Thursday, March 3, 2016

First Impressions Are Really about the Small Details

First impressions say a lot about your brand. Surprisingly, I was recently disappointed by a brand that is so well positioned, built, immersive, engaging, and protected that I thought it would have done a better job with the first experience. These details center around the user experience. While both are small, combined, they speak volumes. And as an email marketer, make me cringe.

I wanted to know more about "Fantastic Beasts and Where to Find Them" and surfed over to Pottermore to grab a digital copy. The site is the immersive web property for fans of the wizarding world of harry potter. A repository of everything Potter, and I was excited to sign up. I went through the registration process and got my confirmation email. Time to explore harry's world - or so I thought.

Checking my inbox, I fully expected to get an email with a from name of one of the characters or someone from the ministry of magic.

Instead of an email from a wizard, the ministry of magic, or even JK Rowling herself, I found this, that's right, I found an email from "noreply". Why is this so bad - and does it make a difference?

In the "muggle world," using "noreply" says to your reader that they should be an observer of your product -- that you aren't interested in them as a consumer and that communication with the brand is a one-way street. Pottermore, on the other hand, is a community; therefore, by design, it is supposed to allow the member to interact with the wizarding world; this is not a one-sided experience. But the wizard in charge just said to me that my engagement with this community is going to one-sided. This wizard broke the fourth wall, so to speak, and has punched a hole in the theme and experience.

I opened the email, and my heart sank. I signed up for Pottermore on my smartphone, a Nexus 6. I use the Gmail app for my email. Admittedly the Gmail app delivers a sub-par mobile adaptive experience, but a satisfactory mobile experience can be forced with a little creative coding. Something that any wizard of email marketing can figure out.

Pictured left is the email. While not the worst mobile rendering of an email I have gotten, it is none-the-less, still not rendering correctly. As an Android Gmail user, I've learned to live with these kinds of emails, and they are just part of the experience, but there are telltale signs that they tried, and let's face it, no amount of magic can seem to make adaptive emails display correctly in the fragmented world of Android.

But what bothers me the most about this is that they tried to make it adaptive and then just gave up. If you look at the different sections of the email, you can see that it is assembled with varying blocks of content and that the different content blocks are pushing the design of the mail to different widths, and that, to me, is distracting. Put it in one content block/table and call it a day to avoid this type of experience.

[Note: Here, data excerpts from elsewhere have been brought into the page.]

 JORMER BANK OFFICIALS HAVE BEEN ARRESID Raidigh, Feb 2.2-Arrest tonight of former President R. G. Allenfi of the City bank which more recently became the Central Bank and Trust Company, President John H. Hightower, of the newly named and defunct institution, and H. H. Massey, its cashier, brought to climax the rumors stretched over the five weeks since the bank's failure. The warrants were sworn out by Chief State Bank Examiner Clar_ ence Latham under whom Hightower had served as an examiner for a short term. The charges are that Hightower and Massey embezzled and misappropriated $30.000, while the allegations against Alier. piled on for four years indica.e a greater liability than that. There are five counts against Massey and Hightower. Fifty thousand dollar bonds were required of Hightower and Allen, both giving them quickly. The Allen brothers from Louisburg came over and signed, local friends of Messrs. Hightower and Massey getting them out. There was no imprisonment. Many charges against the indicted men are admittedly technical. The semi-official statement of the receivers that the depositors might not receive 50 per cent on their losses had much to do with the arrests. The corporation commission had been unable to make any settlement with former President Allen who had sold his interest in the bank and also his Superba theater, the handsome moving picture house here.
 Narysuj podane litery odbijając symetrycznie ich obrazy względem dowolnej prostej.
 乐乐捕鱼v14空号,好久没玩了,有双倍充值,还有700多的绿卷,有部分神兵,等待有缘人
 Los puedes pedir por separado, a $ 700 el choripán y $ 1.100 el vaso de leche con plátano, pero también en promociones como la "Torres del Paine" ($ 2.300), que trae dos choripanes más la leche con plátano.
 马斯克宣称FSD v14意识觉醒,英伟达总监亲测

There is a trick with Android that will help fix this. I hope most users know this by now. It is the "revert auto-sizing" option in the drop-down menu, illustrated here.

This option in the Android world takes away the email's adaptive nature and forces it to fit within the screen of the device without any re-sizing and allows the reader to zoom in and out by pinching to read the text and take action. It's not the best solution, but it is much less visually distracting for the reader, and the emails will make more sense.

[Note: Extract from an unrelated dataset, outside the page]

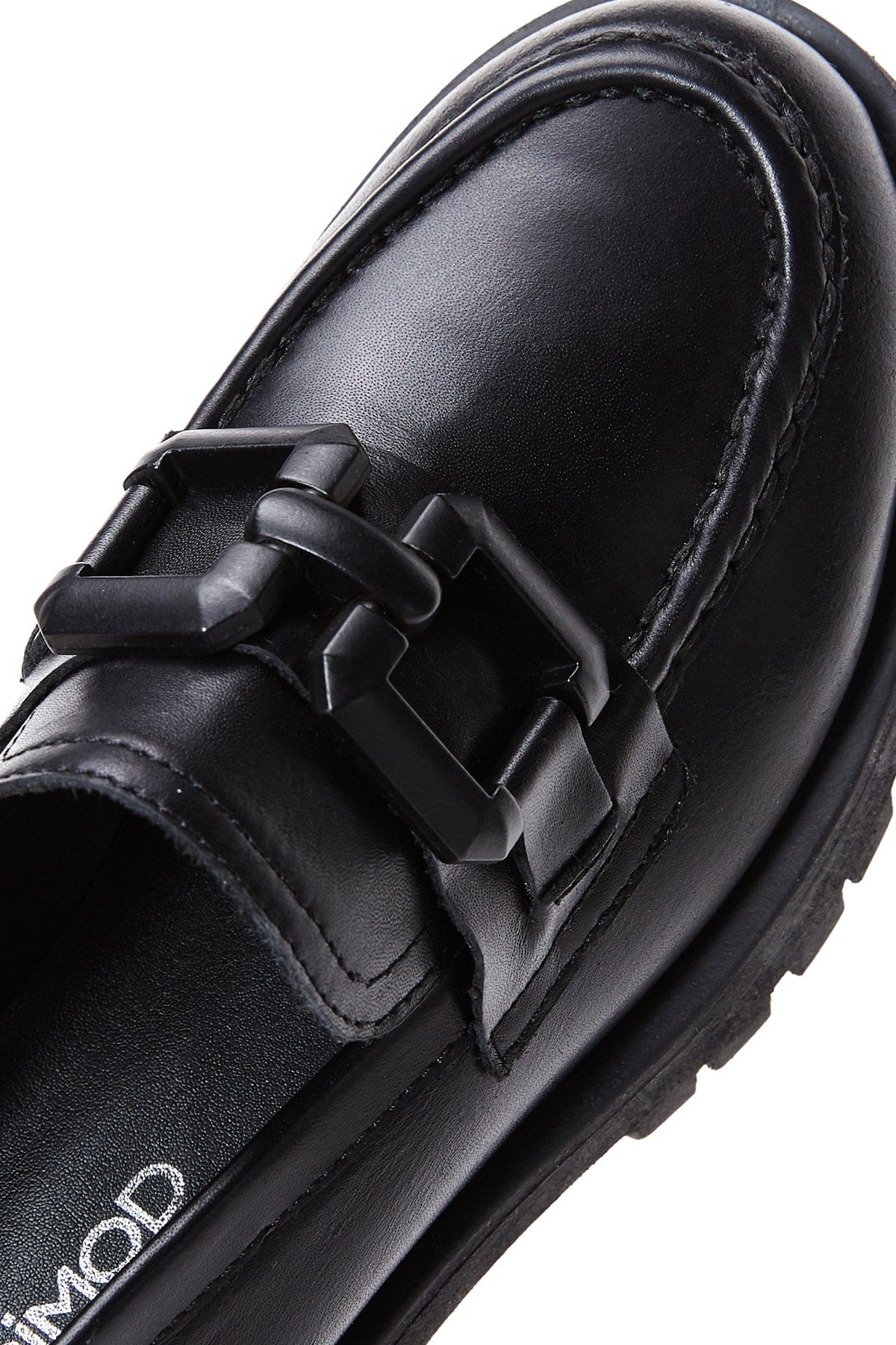 کفش لوفر زنانه مشکی چرمی پاشنه لژدار دری مد

A few years ago, I was able to attend the Washington, DC's ExactTarget user's group meeting. D.C. Matt Byrd (then of litmus) told those present that email subscribers were more likely to unsubscribe from your emails if the landing pages, pages, and forms you were driving them to weren't mobile-friendly. That's a statement I can accept. It makes sense that the email experience on the mobile device (aside from an Apple device) is abysmal. People have learned to live with it, which is probably why Gmail won't support responsive design and a better experience (don't get me started). Still, users have come to expect a pure mobile experience on their mobile browsing and to go from email to mobile, it must be mobile responsive.

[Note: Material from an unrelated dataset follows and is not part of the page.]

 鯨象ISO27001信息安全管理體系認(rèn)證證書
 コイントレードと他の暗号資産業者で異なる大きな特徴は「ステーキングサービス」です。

In this case, I have to say that the reverse for me is true. If your site is a membership driven site that uses double opt-in and your emails aren't mobile adaptive, then I'm not going to complete my membership.

These two "over sites" caused me not to finish my "enrollment process" with Pottermore - I didn't even go through the sorting hat ceremony to see which house I would be in, and I haven't been back to the site since this experience. I simply bought the hardback book from Target when I was out that weekend. And I'll wait with much anticipation for the movie to come out this fall.

This story's moral is not to overlook the small details; they can make a big impact on your brand and the user experience and journey you want your customers to go on. In this case, they took me from excitement to know more about the wizarding world to not even going back to 'King's Cross Station' to board the Hogwart's express again. Okay I'm bending the truth; we all know I'm heading to Universal studios Florida in a few days to wander around Hogsmeade and Diagon alley and drink butterbeer, but I won't be heading back to Pottermore anytime soon.